For the most secure implementation that still works, consider:

# Minimal working configuration
sudo docker run --cap-add=SYS_ADMIN --cap-add=SYS_CHROOT \\
    --security-opt seccomp=unconfined \\
    --security-opt apparmor=unconfined \\
    --security-opt label=disable \\
    -it fedora:rawhide /usr/bin/unshare -fmp \\
    /bin/sh -c 'mount --make-private /; mount -t proc proc /proc'

The EPERM (Operation not permitted) error occurs because:

  1. The container needs CAP_SYS_ADMIN for mount operations
  2. The user namespace remapping conflicts with SELinux labeling
  3. Seccomp filters may block certain syscalls needed for nested mounts

For deeper investigation, consider using kernel tracing:

# Trace mount syscalls
sudo strace -f -e trace=mount \\
    docker run --cap-add=sys_admin --security-opt label:disable \\
    -it fedora:rawhide /usr/bin/unshare -fmp /bin/sh -c \\
    'mount -t proc proc /proc'

If the above solutions don't meet your needs, consider:

# Using podman with --privileged instead of docker
podman run --privileged -it fedora:rawhide \\
    /usr/bin/unshare -Ufmp -r /bin/sh -c 'mount -t proc proc /proc'

# Creating the namespace outside Docker first
unshare -Ufmp -r
docker run --pid=host --net=host --ipc=host \\
    -v /proc:/oldproc fedora:rawhide /bin/sh -c \\
    'mount -t proc proc /proc'

Creating nested namespaces within Docker containers presents unique challenges, particularly when dealing with filesystem mounts.
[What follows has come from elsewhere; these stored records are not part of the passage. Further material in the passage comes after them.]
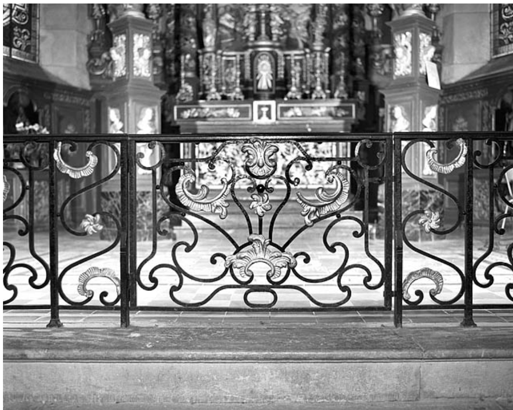
Vue du portillon central.
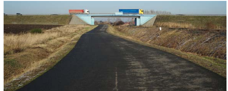
Droga transportu rolnego Chrzanów-Domasław
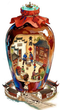
图 3-1 学生史柯怡作品《醉忆·绍兴》
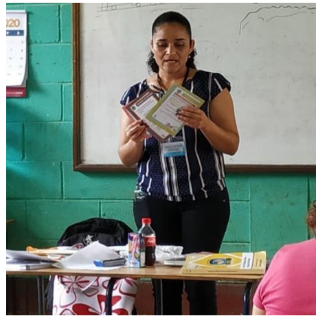
Foto 4 Asesora Pedagógica del SINAIE.

En el proceso de ejecución del Proyecto de Mejoramiento Educativo, se desarrollaron un sesenta por ciento de fases programadas en el Plan de Actividades y el Cronograma de actividades por la suspensión de clases a nivel nacional a causa de la pandemia COVID-19. Las actividades restantes se llevaron a cabo con un plan emergente, para fortalecer las estrategias pedagógicas y cumplir con los objetivos del PME.
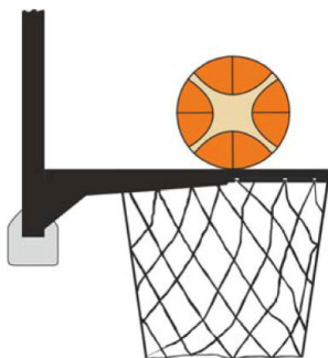
Dijagram 2. Lopta dodiruje obruč

31-15 Iskaz. U toku šuta na koš iz igre, igrač odbrane ili napada je načinio ometanje kada dodirne koš ili tablu dok je lopta u dodiru sa obručem i još ima mogućnost da uđe u koš.
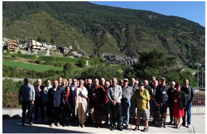
EDXC-Gruppe vor dem Radio Andorra Sendebäude
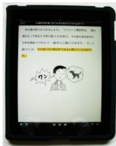
ipad 再生画面『LD・学び方が違う子どものための サバイバルガイド』(明石書店)より
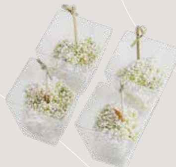
Креветка с муссом из авокадо Креветка, соус гуакамоле
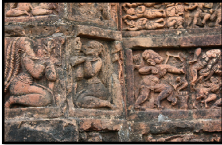
Görsel 8. Jor Bangla-Kesta Rai Tapınağı –detey, Bishnipur / Hindistan

Dört adet üçgen kavisli çatının tek bir noktada birleştiği çatı tasarımından oluşan tapınaklar Char-chala olarak adlandırılmaktadır. Bu tapınaklar genellikle dar ve bindirmeli tonozlardan ve uzun kaidelerin taşıdığı merkezi bir kubbe yapısından oluşmaktadır. Char-chala tarzı inşa edilmiş tapınaklar Bengal bölgesinin batısında görülmektedir. Eğer Char-chala mimarisinde yapılmış tapınağın çatısının üzerine minyatür bir tapınak daha inşa edilirse tapınak biçimi “At-chala” olarak değişmektedir.
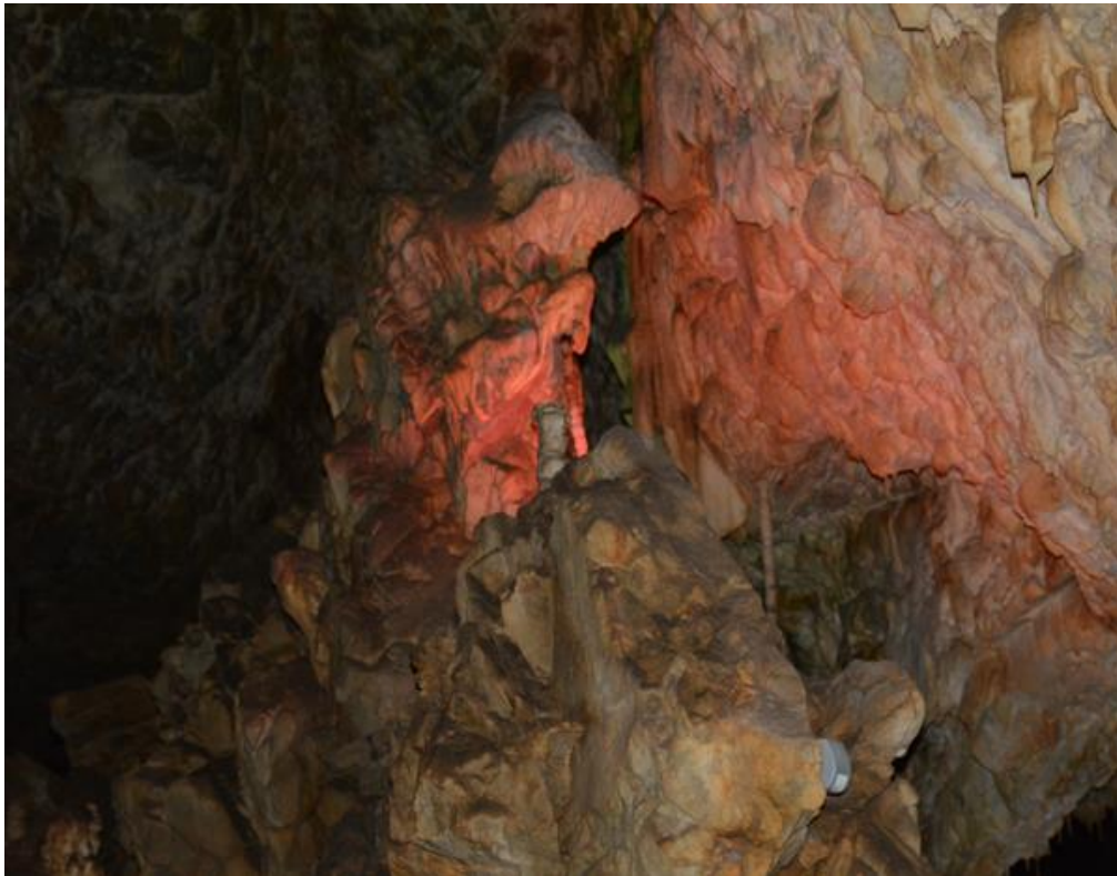
ähnelt wirklich einer Hexe

Nach der Besichtigung der Katharinenhöhle fahren wir via Olmütz und Roznov in den Osten der tschechischen Republik bis nach Hutisko-Solanec. Wir stoppen im Euro-Camp für eine Nacht.
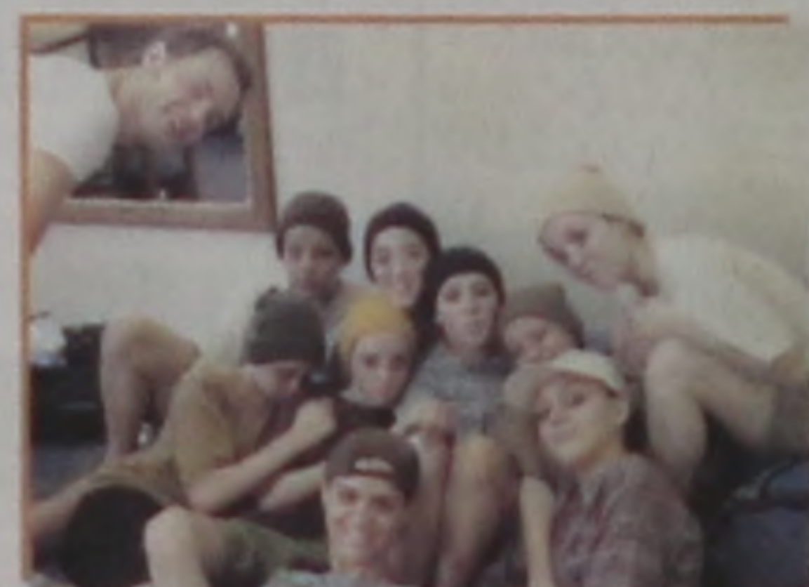
Estrela e o pessoal da academia Roda Viva, de Barra Bonita
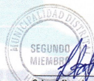
2do. Miembro Titular
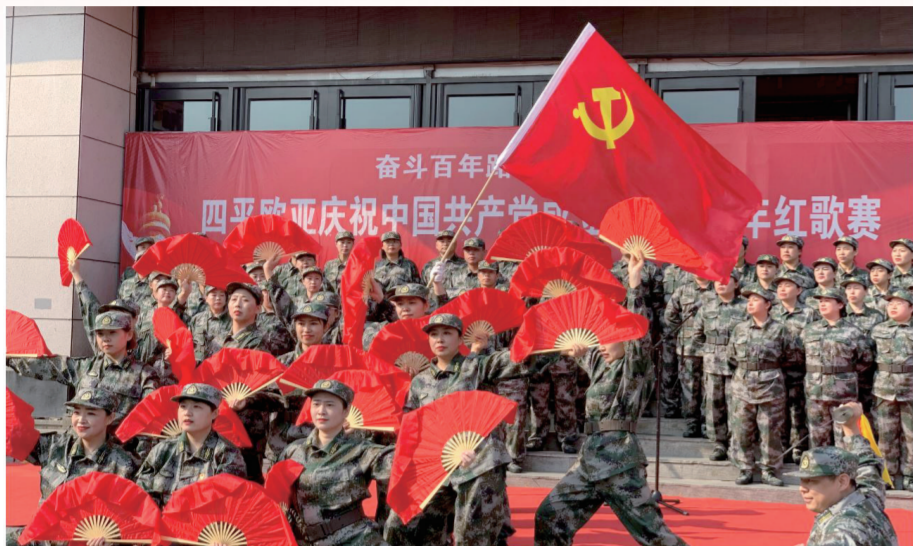
四平欧亚庆祝中国共产党成立100周年红歌赛现场。

本报讯（四平欧亚 党支部）为庆祝中国共产党成立100周年，6月21日6时50分，四平欧亚商贸有限公司党支部举行了“奋斗百年路 启航新征程”庆祝
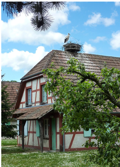
Logis mit eigenem Storchennest
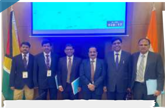
Indian Delegation at Joint Commission meet on 22/04/2023
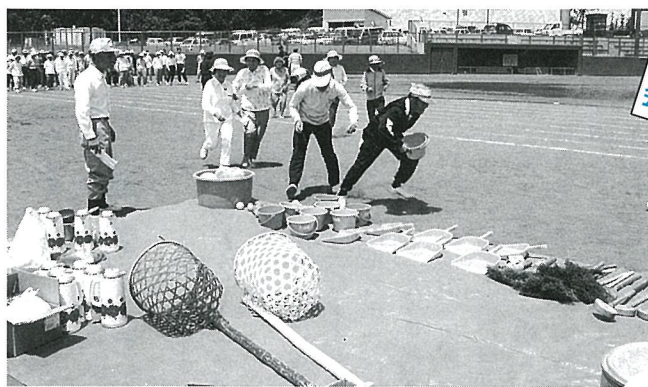
▲ 熱気あふれる大会になりました
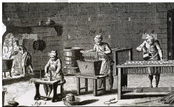
1 Producción artesanal de velas

Los tres sistemas de producción incluyen un proceso de transformación de la materia prima en bienes de consumo. Lo que las hace diferente son los medios utilizados en este proceso, la forma en que se organiza el trabajo y la mano de obra, además de los índices de producción y el mercado.
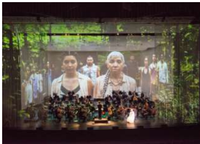
Photo: Les stagiaires de l'IMO au sein de l'Orchestre du CNA, lors du concert du 19 mai intitulé Réflexions sur la vie , présentant les quatre nouvelles œuvres.
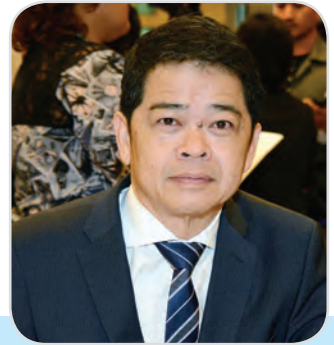
๘๐. นายประเสริฐ บุญสัมพันธ์ สมาชิกสภานิติบัญญัติแห่งชาติ
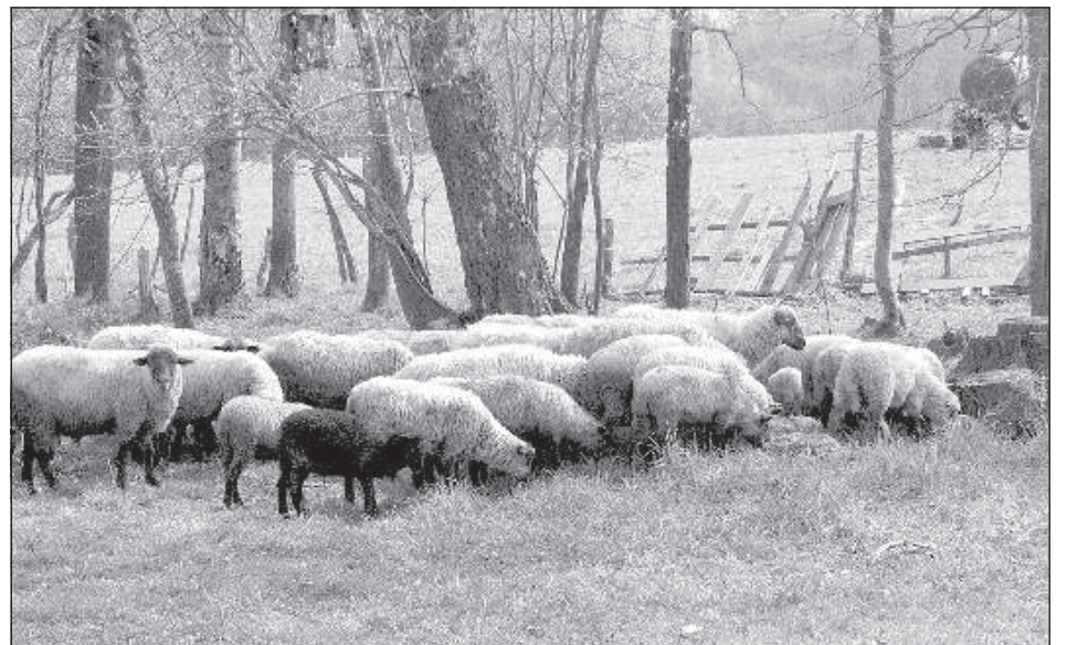
Овцы пасутся сами по себе.

The specific case of mounting a private /proc requires careful consideration of Linux capabilities and security mechanisms.

The working solution using --privileged flag:

$ sudo docker run --privileged --security-opt=seccomp=unconfined \
 -it fedora:rawhide /usr/bin/unshare -Ufmp -r \
 /bin/sh -c 'mount -t proc proc /proc'

The non-working approach with CAP_SYS_ADMIN:

$ sudo docker run --cap-add=sys_admin --security-opt=seccomp=unconfined \
  -it fedora:rawhide /usr/bin/unshare -Ufmp -r \
   /bin/sh -c 'mount -t proc proc /proc'
mount: /proc: cannot mount proc read-only.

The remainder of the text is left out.